# TO DO
Take the listing below and output it exactly, with no images.

Start of INPUT DATA

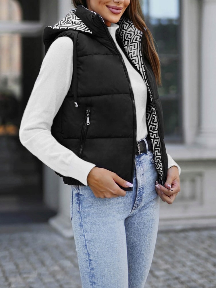 Чорний стьобаний жіночий жилет з капюшоном - знімний капюшон l
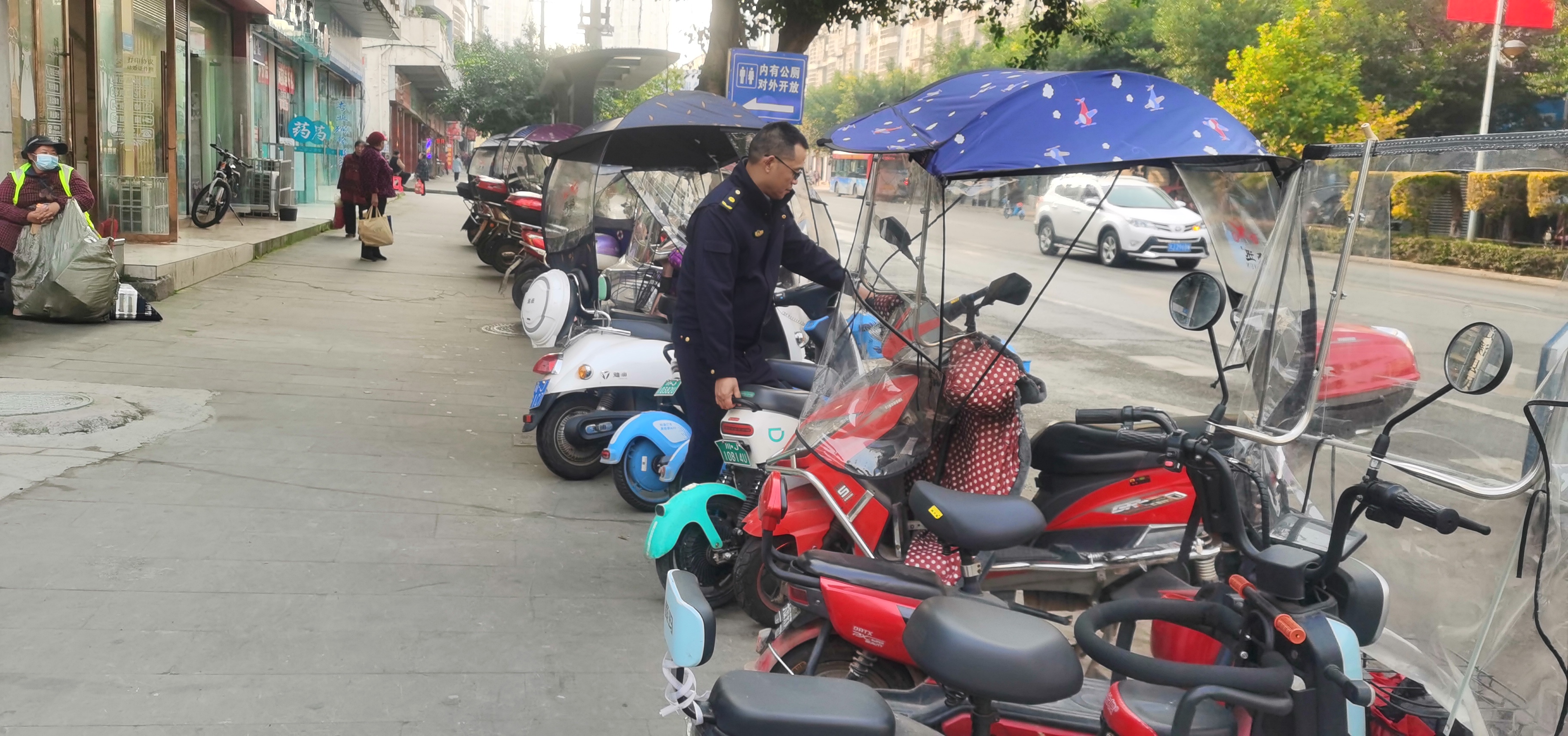 针对沿街商铺门前非机动车乱停放现象,执法人员采取“宣传+引导+服务”的方式,在日常执法过程中向沿街商户详细讲解“门前五包”责任,向周边居民宣传市容秩序相关法律法规,告知非机动车乱停乱放、占用盲道的不良影响,引导商户自觉维护门前停车秩序,劝导居民按照“入位、同向、整齐”的原则,自觉规范停放非机动车。
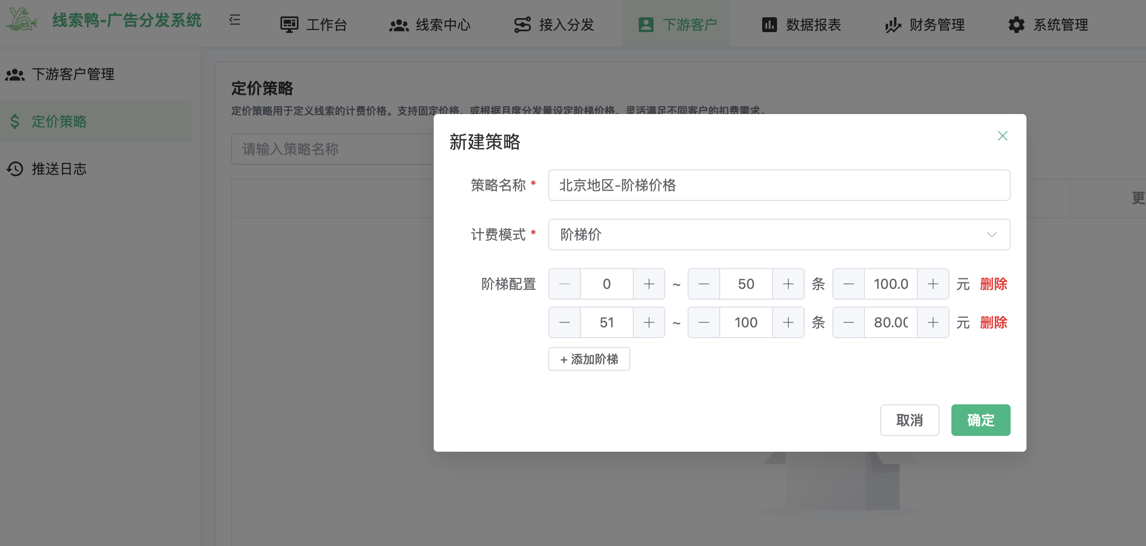 财务结算是线索鸭的核心变现引擎,支持灵活的价格配置和自动扣费逻辑。

End of INPUT DATA

# RESPONSE TO THIS EXERCISE
 Чорний стьобаний жіночий жилет з капюшоном - знімний капюшон l
 针对沿街商铺门前非机动车乱停放现象,执法人员采取“宣传+引导+服务”的方式,在日常执法过程中向沿街商户详细讲解“门前五包”责任,向周边居民宣传市容秩序相关法律法规,告知非机动车乱停乱放、占用盲道的不良影响,引导商户自觉维护门前停车秩序,劝导居民按照“入位、同向、整齐”的原则,自觉规范停放非机动车。
 财务结算是线索鸭的核心变现引擎,支持灵活的价格配置和自动扣费逻辑。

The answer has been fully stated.